Source records
* * * * * * *

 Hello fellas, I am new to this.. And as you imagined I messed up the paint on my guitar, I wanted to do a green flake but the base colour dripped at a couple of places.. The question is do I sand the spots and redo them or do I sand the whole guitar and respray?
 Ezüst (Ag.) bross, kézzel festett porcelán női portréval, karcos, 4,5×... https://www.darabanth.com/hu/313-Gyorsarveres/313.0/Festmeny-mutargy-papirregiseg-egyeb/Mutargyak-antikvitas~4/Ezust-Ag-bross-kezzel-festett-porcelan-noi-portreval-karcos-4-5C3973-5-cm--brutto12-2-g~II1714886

* * * * * * *

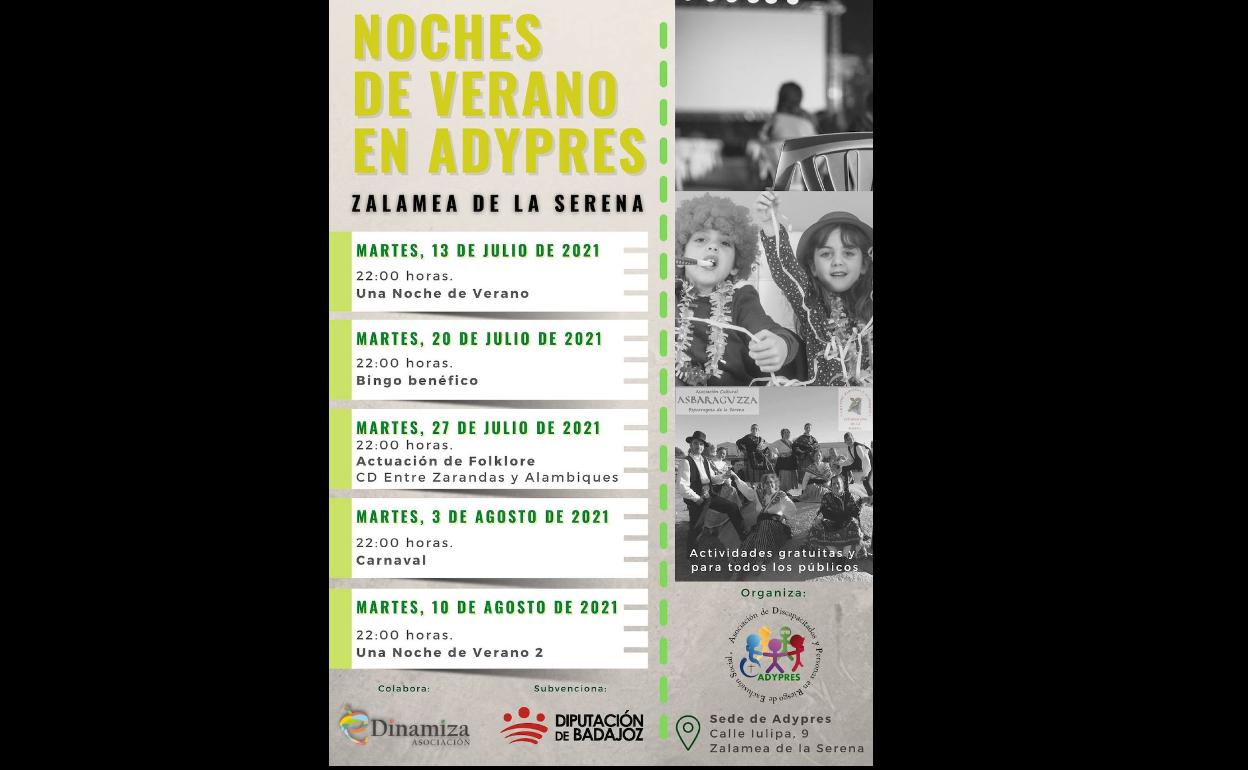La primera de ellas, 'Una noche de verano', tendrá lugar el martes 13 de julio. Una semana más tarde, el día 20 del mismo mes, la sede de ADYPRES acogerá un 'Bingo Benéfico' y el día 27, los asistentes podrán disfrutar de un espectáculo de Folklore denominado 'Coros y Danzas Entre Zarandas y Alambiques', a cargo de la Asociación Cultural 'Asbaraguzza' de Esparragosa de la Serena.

* * * * * * *

Aim of the task
From the records above, quote only the lines running from the line with "Hello fellas, I" to the line with "Ezüst (Ag.) bross, kézzel", both lines included.

Answer
 Hello fellas, I am new to this.. And as you imagined I messed up the paint on my guitar, I wanted to do a green flake but the base colour dripped at a couple of places.. The question is do I sand the spots and redo them or do I sand the whole guitar and respray?
 Ezüst (Ag.) bross, kézzel festett porcelán női portréval, karcos, 4,5×... https://www.darabanth.com/hu/313-Gyorsarveres/313.0/Festmeny-mutargy-papirregiseg-egyeb/Mutargyak-antikvitas~4/Ezust-Ag-bross-kezzel-festett-porcelan-noi-portreval-karcos-4-5C3973-5-cm--brutto12-2-g~II1714886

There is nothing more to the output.